_TASK BRIEF_: Pictures excluded, please retype exactly the lines from the start of the data through the line that contains "Crosley turntable featuring", both ends kept, and nothing beyond them.

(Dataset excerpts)
[Start of Attachment]
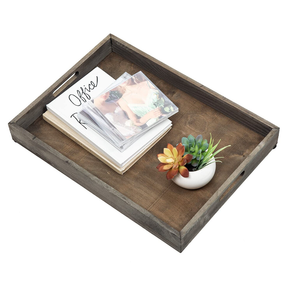 Wood Serving Tray with Handles, Rustic Wooden Tray for Breakfast in Bed, Decorative Ottoman Coffee Table Tray for Living Room Dining Room Use,
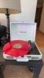 Crosley turntable featuring a pastel watercolor design. Chrome accents add a touch of elegance. Equipped with pitch and volume controls. Has two speakers to play directly on the turntable or you can link up to Bluetooth.
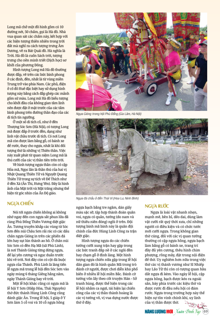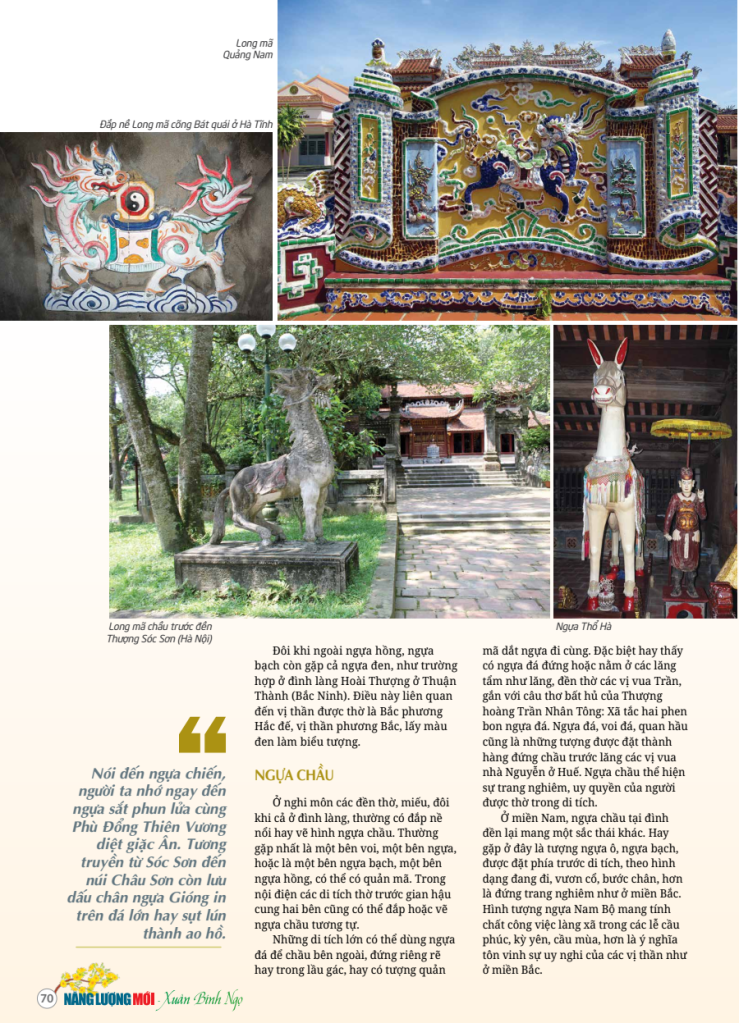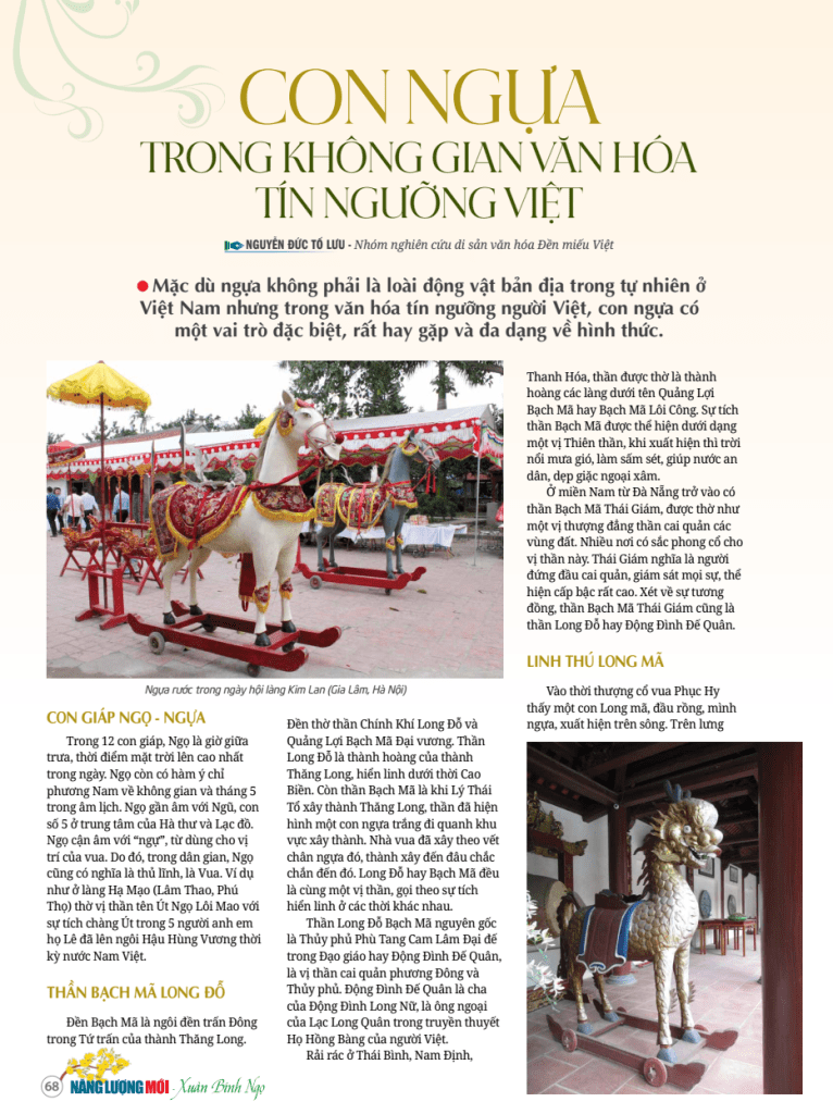 Mặc dù ngựa không phải là loài động vật bản địa trong tự nhiên ở Việt Nam nhưng trong văn hóa tín ngưỡng người Việt con ngựa có một vai trò đặc biệt, rất hay gặp và đa dạng về hình thức. Hình tượng ngựa có thể là thần Bạch Mã của kinh thành Thăng Long, thần thú Long mã, ngựa chiến của Thánh Gióng đánh giặc Ân, ngựa trong các di tích đình, đền, chùa đến ngựa trên các bức chạm gỗ, đá sinh động, ngựa trong tranh thờ của người Dao. Ngựa còn là biểu tượng của quẻ Khôn trong Kinh Dịch về sự tòng thuận, khôn ngoan đem đến sự bền vững, lâu dài cho đời sống con người.
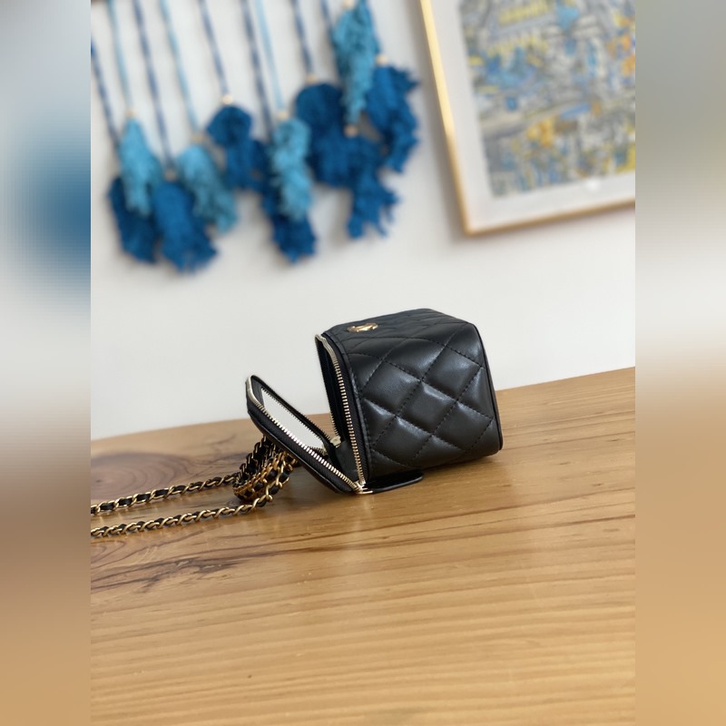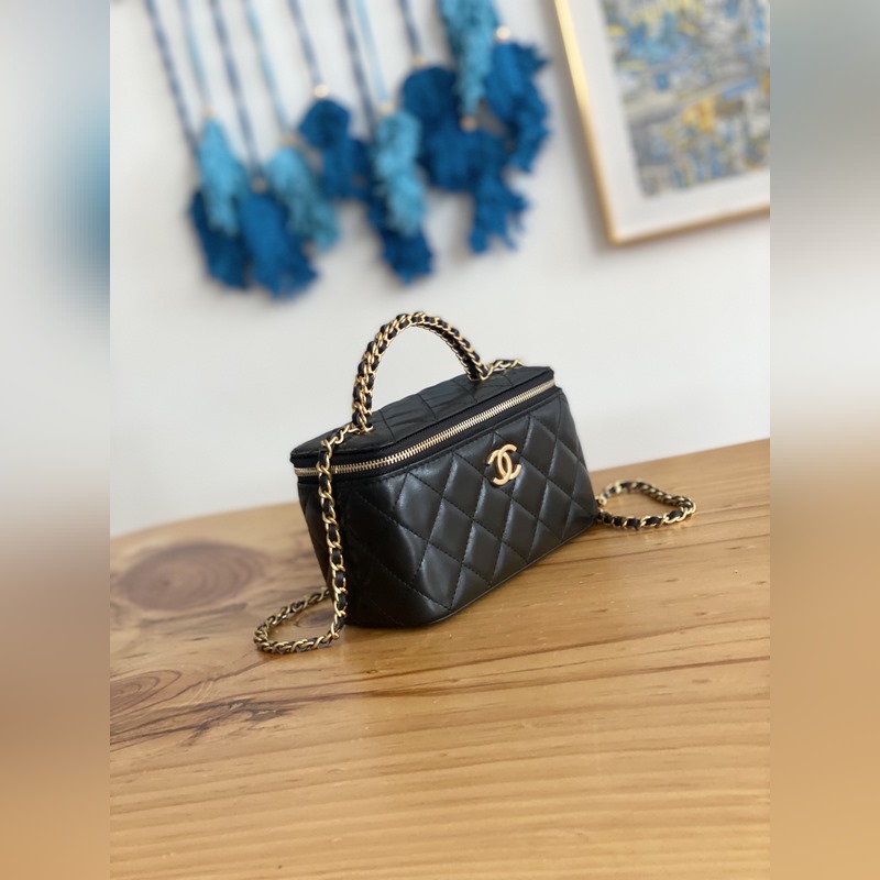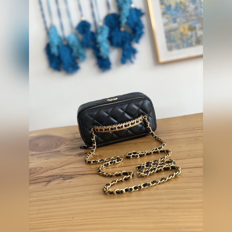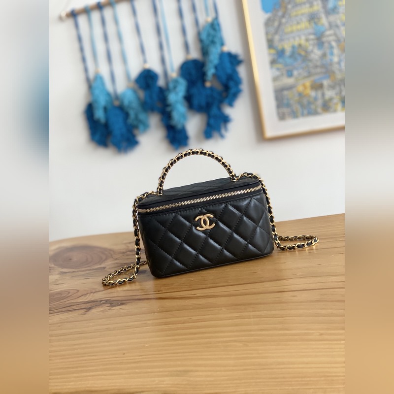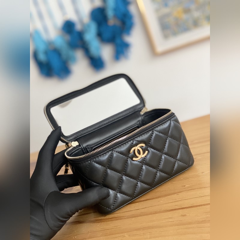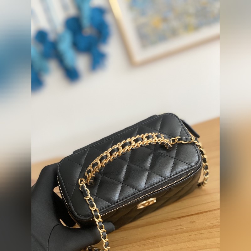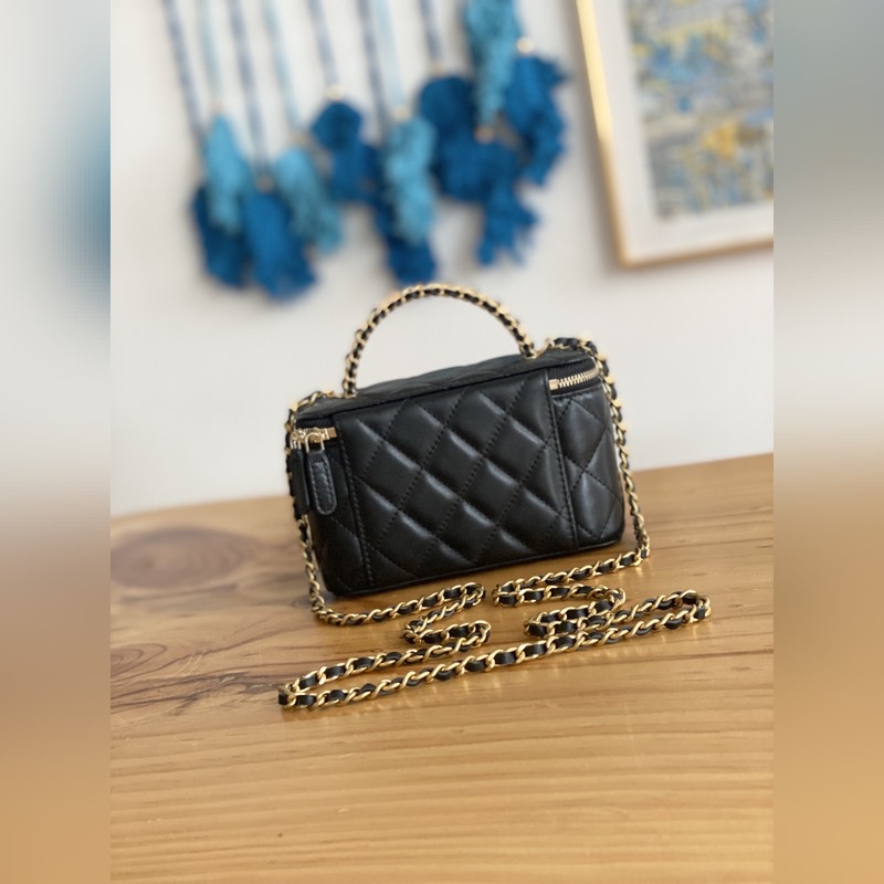 2023Chanel 2023p 새로운 상자 가죽 상자 블랙과 골드 리치
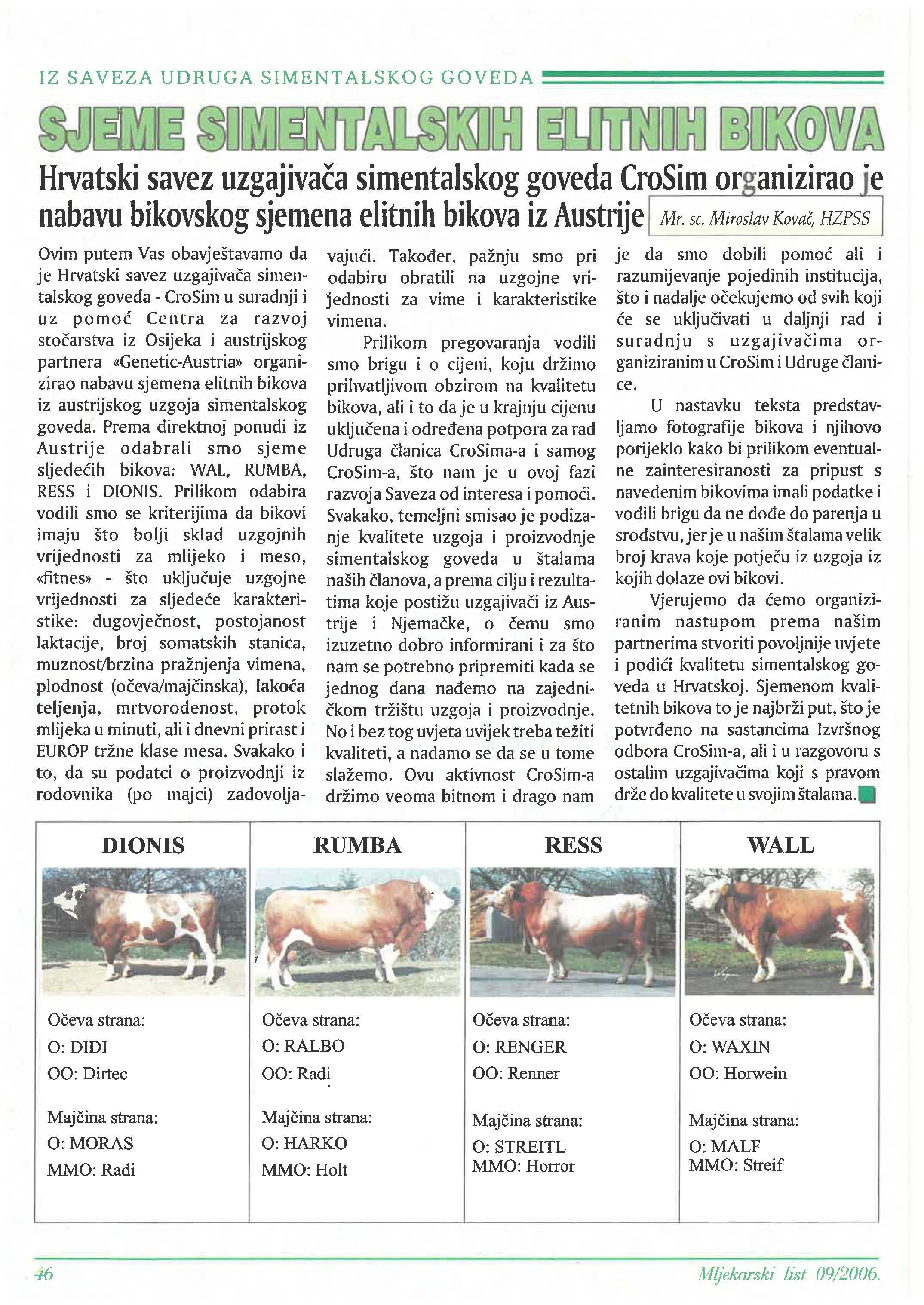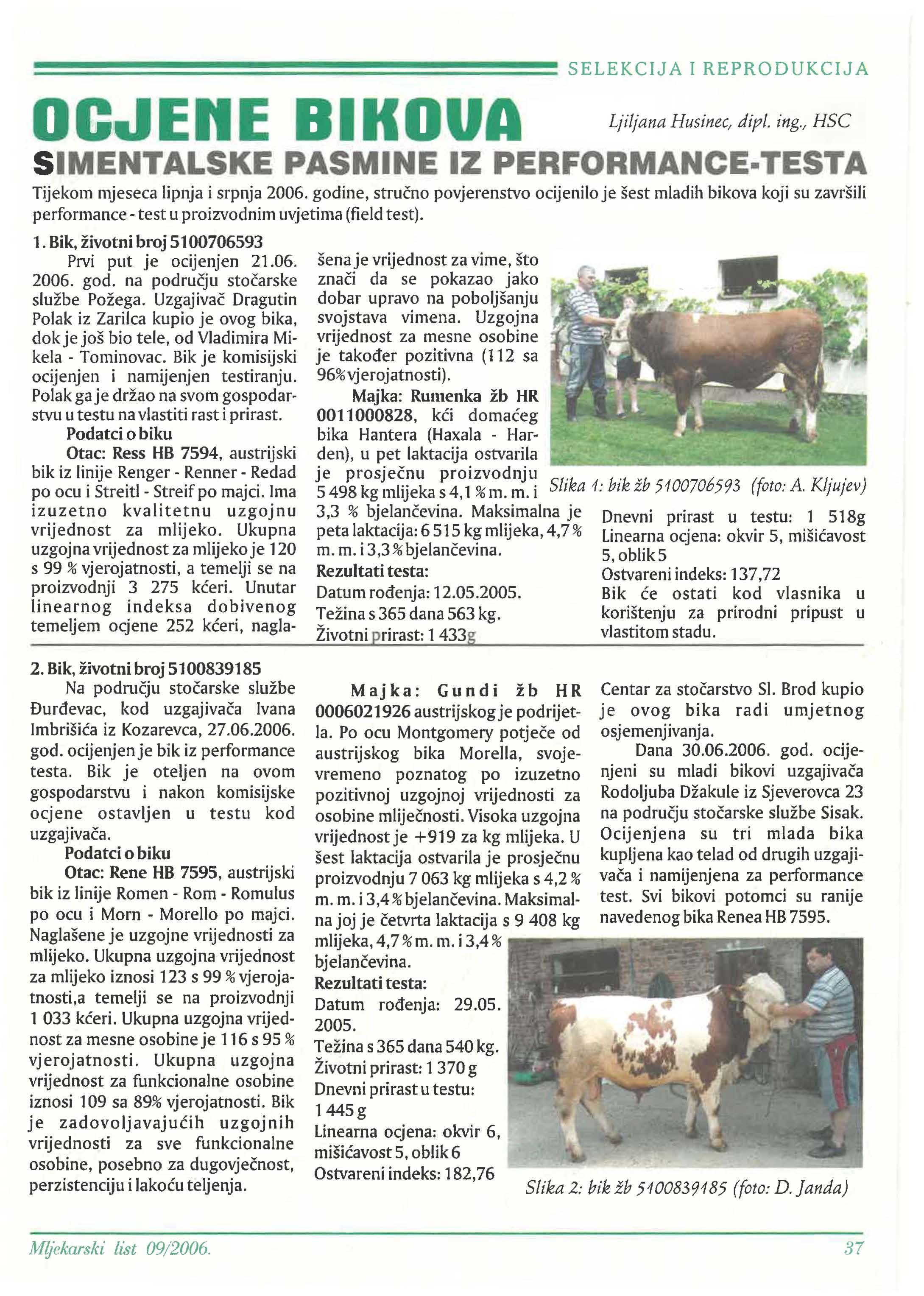 1 Dragutin Hum, za junicu simentalske pasmine DUNJA Žb. 1100348737 (O: Sak 7380), oteljenu 16.09.2004., je majka imala 2 teljenja, a u I. laktaciji je proizvela 5 011 kg mlijeka, s 3,29 % masti i 3, 13 %
[End of Attachment]
_RESPONSE AREA_:
 Wood Serving Tray with Handles, Rustic Wooden Tray for Breakfast in Bed, Decorative Ottoman Coffee Table Tray for Living Room Dining Room Use,
 Crosley turntable featuring a pastel watercolor design. Chrome accents add a touch of elegance. Equipped with pitch and volume controls. Has two speakers to play directly on the turntable or you can link up to Bluetooth.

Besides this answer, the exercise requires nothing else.